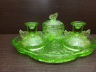 Art Deco Seven Piece Uranium Green Glass Dressing Table Vanity Set & Tray
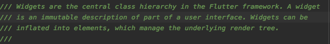 “A widget is an immutable description of part of a user interface”。Widget只是用户界面一部分不可变的描述——至于为什么不可变以及都不可变了还怎么刷新UI,这两个问题接下来我会用一片博客详细介绍一下Flutter的渲染机制。
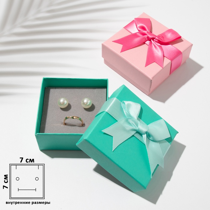 Коробочка подарочная под набор «Тиффани» с крупным бантом, 5×8×2.5 см, вставка МИКС, бирюзовый
---------------
▶ PROBLEM STATEMENT
Please restate, word for word, the lines from the one with "widget is an" through the final line of the material, both included, and omit the pictures.

▶ SOLUTION BELOW
 “A widget is an immutable description of part of a user interface”。Widget只是用户界面一部分不可变的描述——至于为什么不可变以及都不可变了还怎么刷新UI,这两个问题接下来我会用一片博客详细介绍一下Flutter的渲染机制。
 Коробочка подарочная под набор «Тиффани» с крупным бантом, 5×8×2.5 см, вставка МИКС, бирюзовый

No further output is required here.